The
Chapman column that Jim linked to below sums up most of my
thoughts on
In re Marriage Cases, but it's worth underlining the
ruling's intellectual dishonesty (or sloppiness, if one is inclined
to be charitable). Since California's domestic partnership law
provides virtually all the substantive benefits of marriage, the
only issue was whether it is constitutional to create a
marriage-like institution for gays that isn't called "marriage."
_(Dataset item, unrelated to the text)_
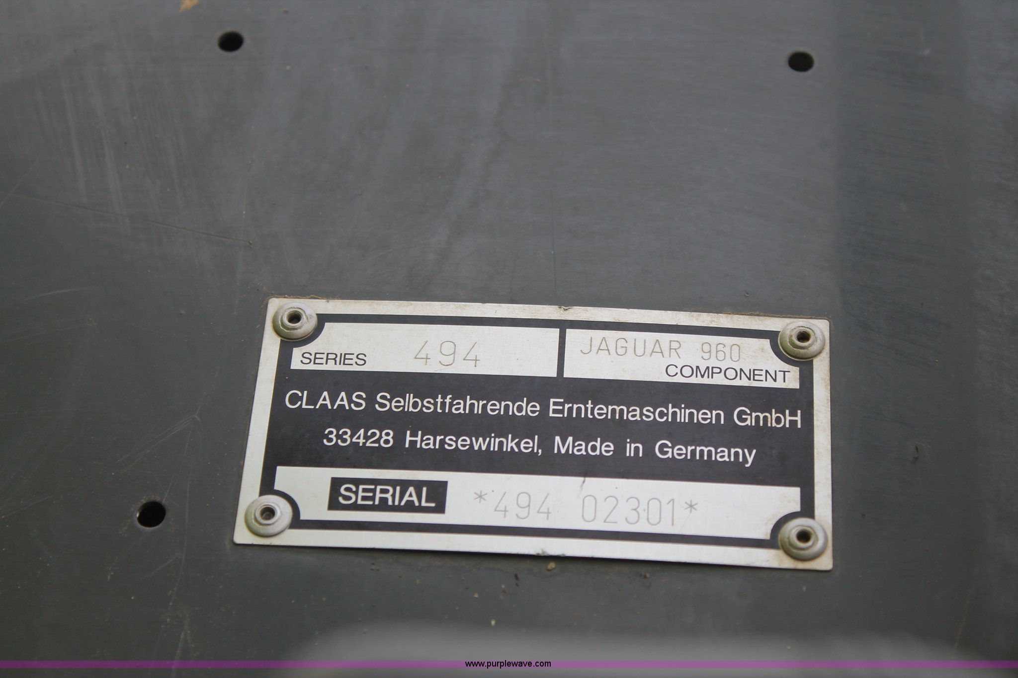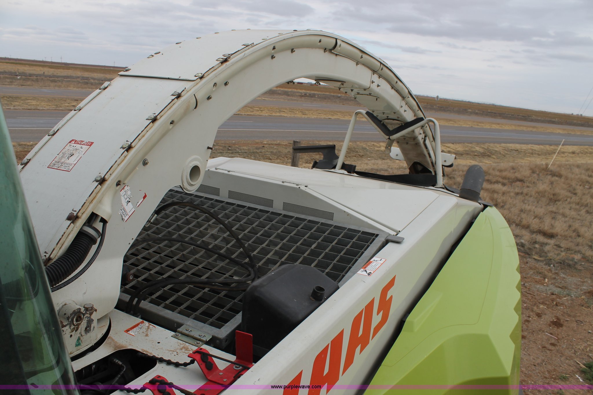 Purple Wave is selling a used Forage Harvester in Texas. This item is a 2011 Claas 960 forage harvester with the following: 3,062 engine hours on meter, 2,318 cutting hours on meter, Mercedes Benz Tier 3 engine, 653 HP, Hydrostatic transmission, Comfort control center, AC, AM/FM, Instructor's seat, Kernel processor, Remote header control, Front and rear work lights, Color CEBIS monitor, 317 gallon fuel tank, 710/70R38 front tires, 600/65R28 rear tires, Serial 49402301

The Court claims that "The only out-of-state high court decision to
address a comparable issue is the decision in Opinions of the
Justices to the Senate" (in which, at the request of the
legislature, the Massachusetts Supreme Court advised that a pending
civil unions bill wouldn't be acceptable), and that in their civil
union cases, "the Vermont Supreme Court and the New Jersey Supreme
Court specifically reserved judgment on the analogous state
constitutional question that would be presented should the
legislature decide to extend to same-sex couples the substantive
benefits, but not the official designation, of marriage. To date,
neither of these courts has addressed this issue."
That just isn't true. The New Jersey Supreme court quite
explicitly addressed the issue of whether same-sex unions have to
be called "marriage" in
Lewis v. Harris: "The name to be given to the
statutory scheme that provides full rights and benefits to same-sex
couples, whether marriage or some other term, is a matter left to
the democratic process," the New Jersey high court held. The In
re Marriage Cases ruling actually cites a dissent from
Lewis v. Harris even as it ignores and mischaracterizes
the majority position in the New Jersey case.
It's obvious that Chief Justice George made his decision without
studying the case law, and only then sent his clerks to find
precedents he could use to reach his foregone conclusion.